### Exercise goal
An exact copy of the data below is needed; please leave out any pictures.

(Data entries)
------------------------------------------------------------

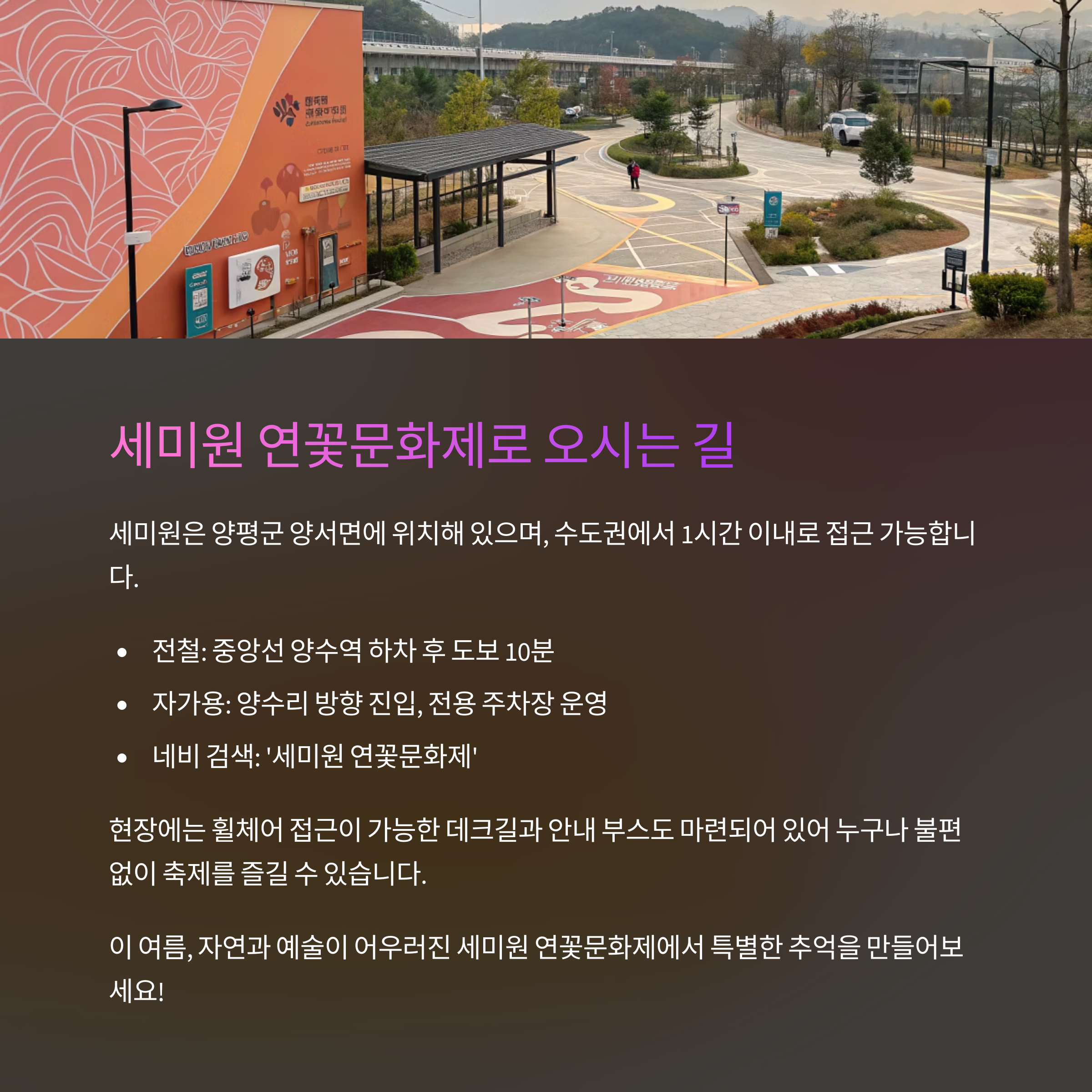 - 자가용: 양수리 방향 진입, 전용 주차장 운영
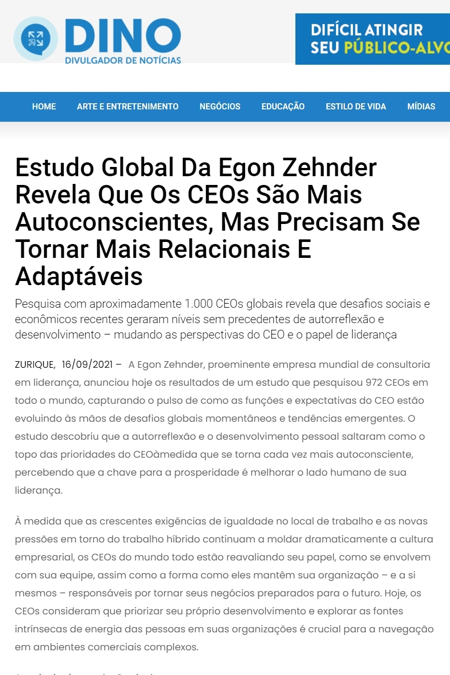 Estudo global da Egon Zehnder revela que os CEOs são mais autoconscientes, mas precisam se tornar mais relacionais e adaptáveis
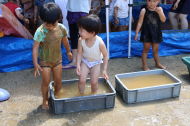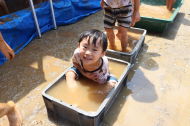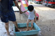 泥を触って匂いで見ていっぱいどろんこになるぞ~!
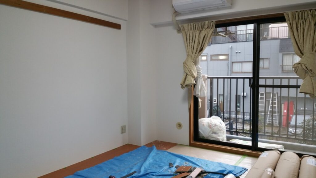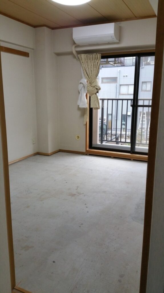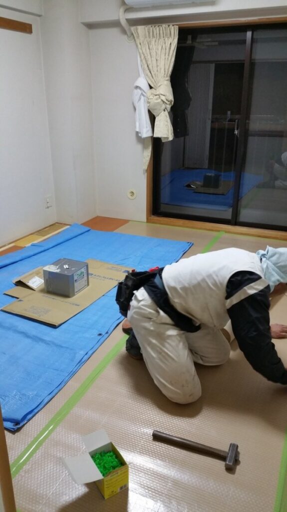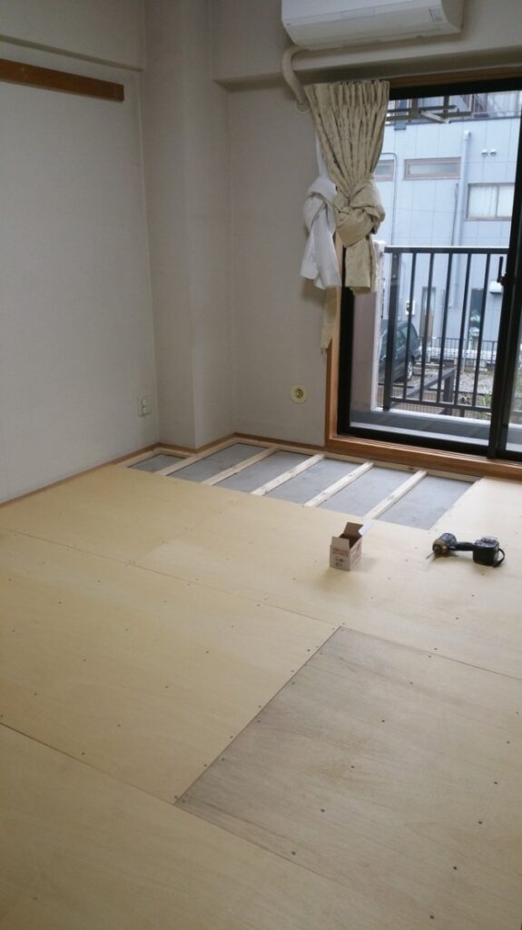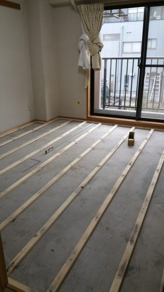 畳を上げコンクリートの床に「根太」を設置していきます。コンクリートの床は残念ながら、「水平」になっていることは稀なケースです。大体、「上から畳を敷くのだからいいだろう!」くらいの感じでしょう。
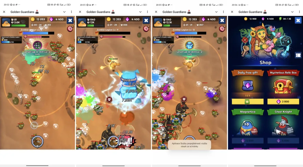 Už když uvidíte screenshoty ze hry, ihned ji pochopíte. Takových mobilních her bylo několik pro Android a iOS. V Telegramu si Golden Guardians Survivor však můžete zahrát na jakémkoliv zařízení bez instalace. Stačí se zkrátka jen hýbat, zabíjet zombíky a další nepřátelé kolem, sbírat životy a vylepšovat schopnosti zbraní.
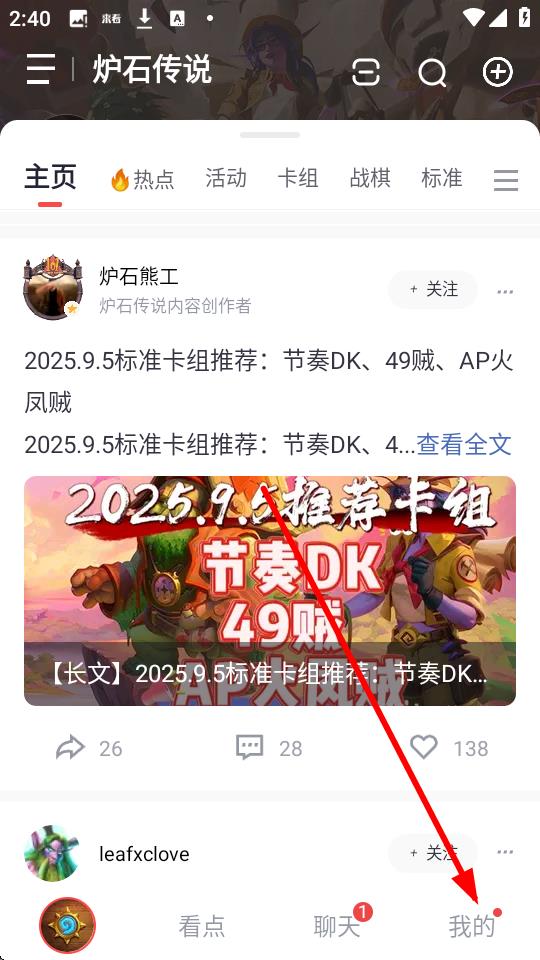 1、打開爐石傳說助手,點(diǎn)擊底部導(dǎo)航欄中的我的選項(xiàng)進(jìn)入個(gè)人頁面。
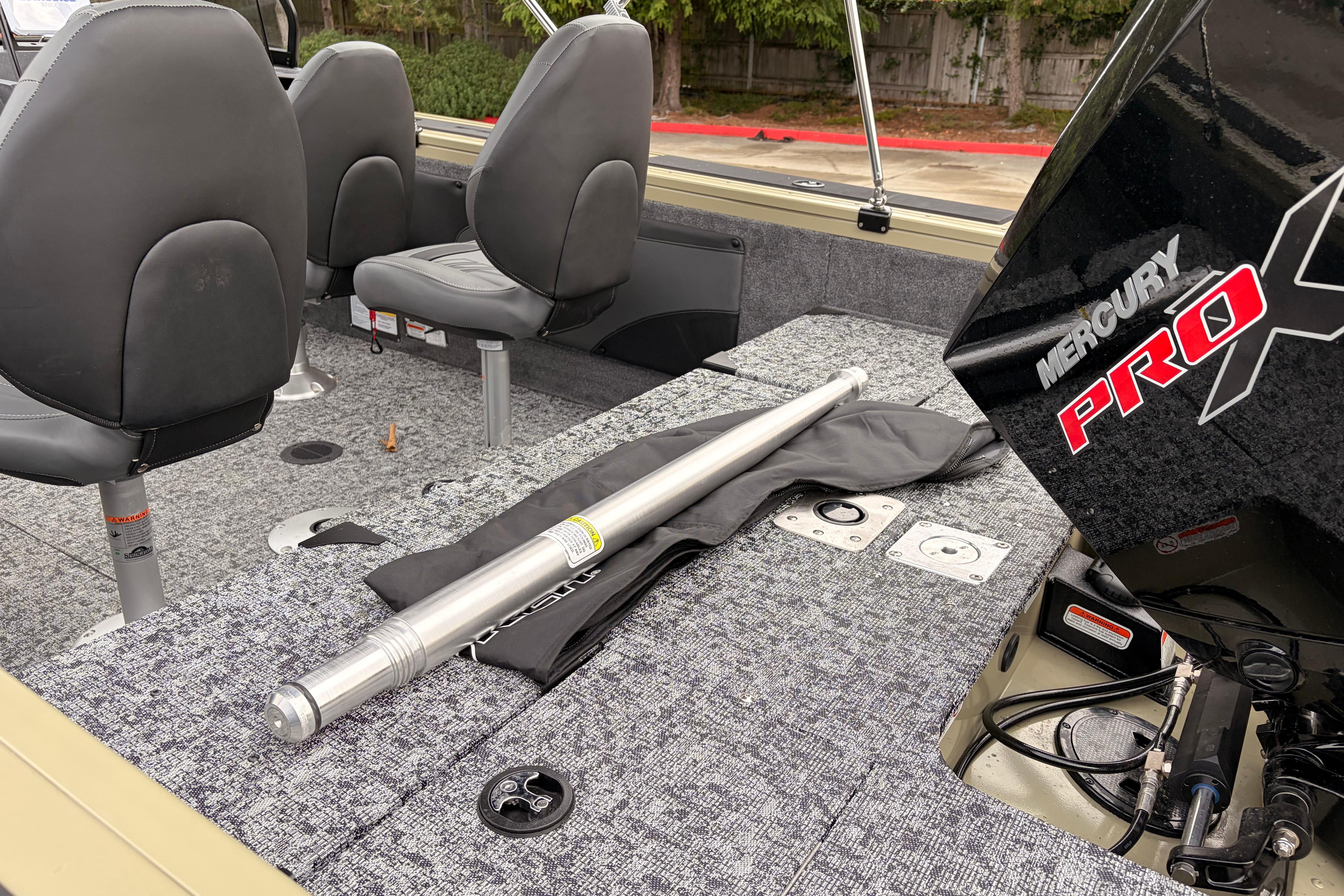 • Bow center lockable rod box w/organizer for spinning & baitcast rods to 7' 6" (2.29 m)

------------------------------------------------------------

### Reply
 - 자가용: 양수리 방향 진입, 전용 주차장 운영
 Estudo global da Egon Zehnder revela que os CEOs são mais autoconscientes, mas precisam se tornar mais relacionais e adaptáveis
 泥を触って匂いで見ていっぱいどろんこになるぞ~!
 畳を上げコンクリートの床に「根太」を設置していきます。コンクリートの床は残念ながら、「水平」になっていることは稀なケースです。大体、「上から畳を敷くのだからいいだろう!」くらいの感じでしょう。
 Už když uvidíte screenshoty ze hry, ihned ji pochopíte. Takových mobilních her bylo několik pro Android a iOS. V Telegramu si Golden Guardians Survivor však můžete zahrát na jakémkoliv zařízení bez instalace. Stačí se zkrátka jen hýbat, zabíjet zombíky a další nepřátelé kolem, sbírat životy a vylepšovat schopnosti zbraní.
 1、打開爐石傳說助手,點(diǎn)擊底部導(dǎo)航欄中的我的選項(xiàng)進(jìn)入個(gè)人頁面。
 • Bow center lockable rod box w/organizer for spinning & baitcast rods to 7' 6" (2.29 m)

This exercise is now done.